▶ **Work required**:
Going through the material below, output exactly the lines from the one containing "統計データ 要介護者等のいる世帯の世帯構造の構成割合の年次推移。" through the one containing "Beautiful blue spotted", and no pictures.

▶ **Dataset extract**:
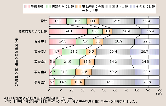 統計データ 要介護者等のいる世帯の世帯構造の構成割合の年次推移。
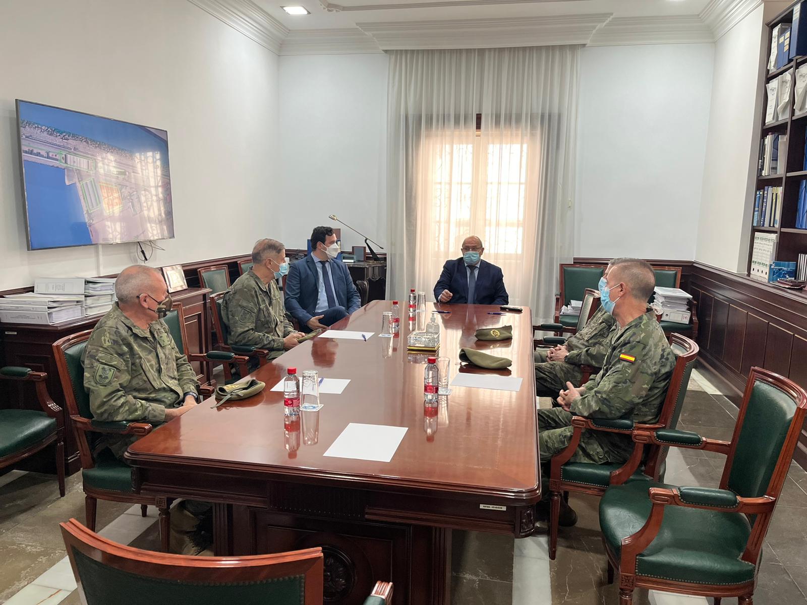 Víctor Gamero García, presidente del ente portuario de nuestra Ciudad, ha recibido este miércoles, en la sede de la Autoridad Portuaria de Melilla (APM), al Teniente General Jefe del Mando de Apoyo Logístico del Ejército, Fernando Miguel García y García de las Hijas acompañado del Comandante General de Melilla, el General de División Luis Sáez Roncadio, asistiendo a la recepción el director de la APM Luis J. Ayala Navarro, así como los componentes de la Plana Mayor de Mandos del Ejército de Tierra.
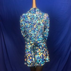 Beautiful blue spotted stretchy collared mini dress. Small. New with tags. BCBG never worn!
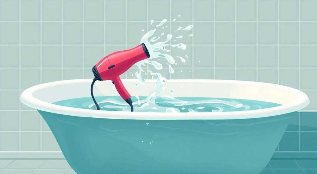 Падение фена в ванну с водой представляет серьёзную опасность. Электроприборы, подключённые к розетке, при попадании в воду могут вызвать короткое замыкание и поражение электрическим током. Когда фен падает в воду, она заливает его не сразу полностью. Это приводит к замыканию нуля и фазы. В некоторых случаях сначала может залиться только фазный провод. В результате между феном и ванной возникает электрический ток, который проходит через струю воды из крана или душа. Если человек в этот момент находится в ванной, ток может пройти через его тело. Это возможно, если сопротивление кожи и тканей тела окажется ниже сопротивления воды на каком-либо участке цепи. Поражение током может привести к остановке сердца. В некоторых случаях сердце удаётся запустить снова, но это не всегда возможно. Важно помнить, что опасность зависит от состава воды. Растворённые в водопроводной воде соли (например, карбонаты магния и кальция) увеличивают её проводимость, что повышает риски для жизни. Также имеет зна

* * *

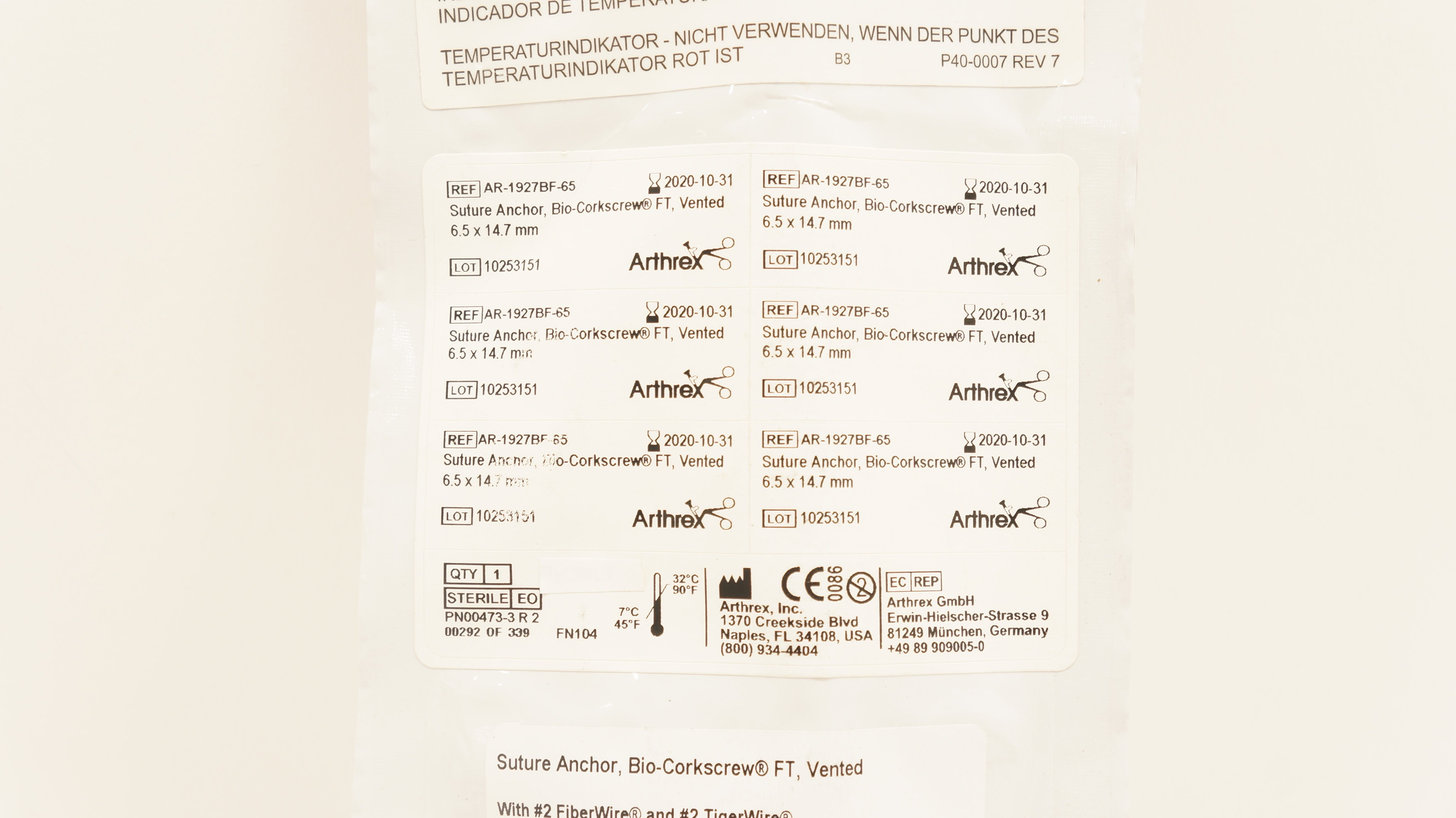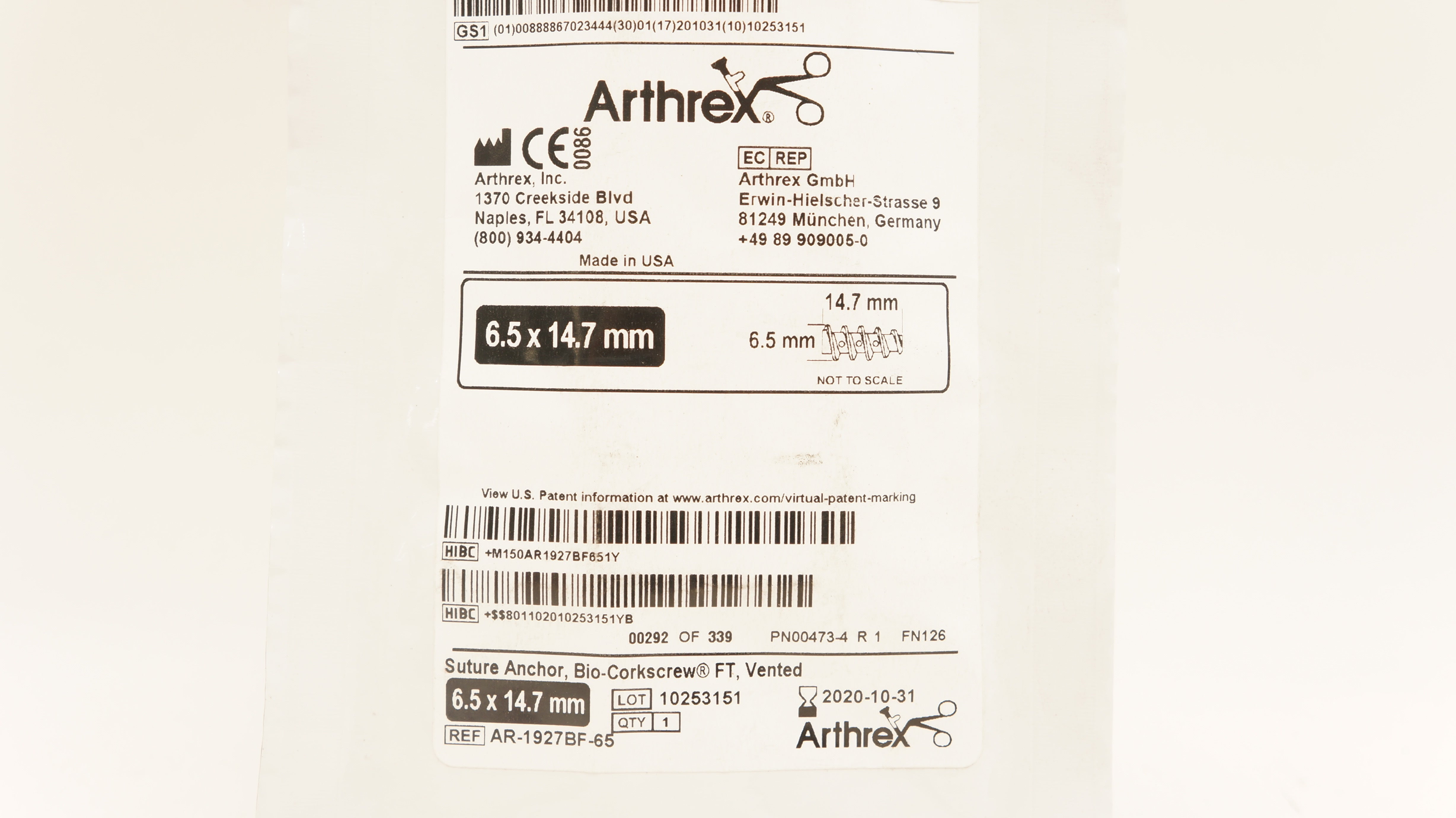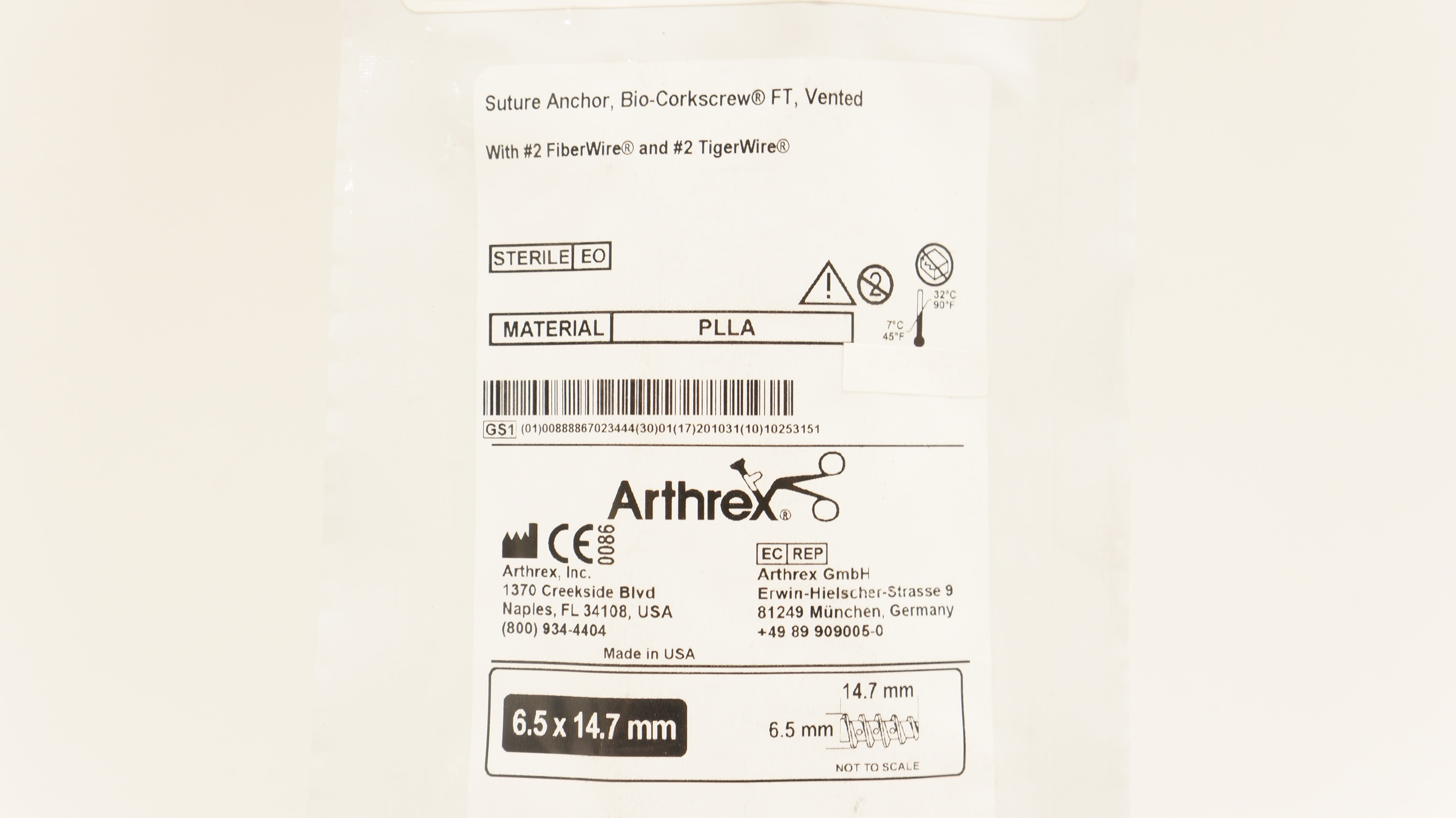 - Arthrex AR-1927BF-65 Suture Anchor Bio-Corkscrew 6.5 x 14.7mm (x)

▶ **Output below**:
 統計データ 要介護者等のいる世帯の世帯構造の構成割合の年次推移。
 Víctor Gamero García, presidente del ente portuario de nuestra Ciudad, ha recibido este miércoles, en la sede de la Autoridad Portuaria de Melilla (APM), al Teniente General Jefe del Mando de Apoyo Logístico del Ejército, Fernando Miguel García y García de las Hijas acompañado del Comandante General de Melilla, el General de División Luis Sáez Roncadio, asistiendo a la recepción el director de la APM Luis J. Ayala Navarro, así como los componentes de la Plana Mayor de Mandos del Ejército de Tierra.
 Beautiful blue spotted stretchy collared mini dress. Small. New with tags. BCBG never worn!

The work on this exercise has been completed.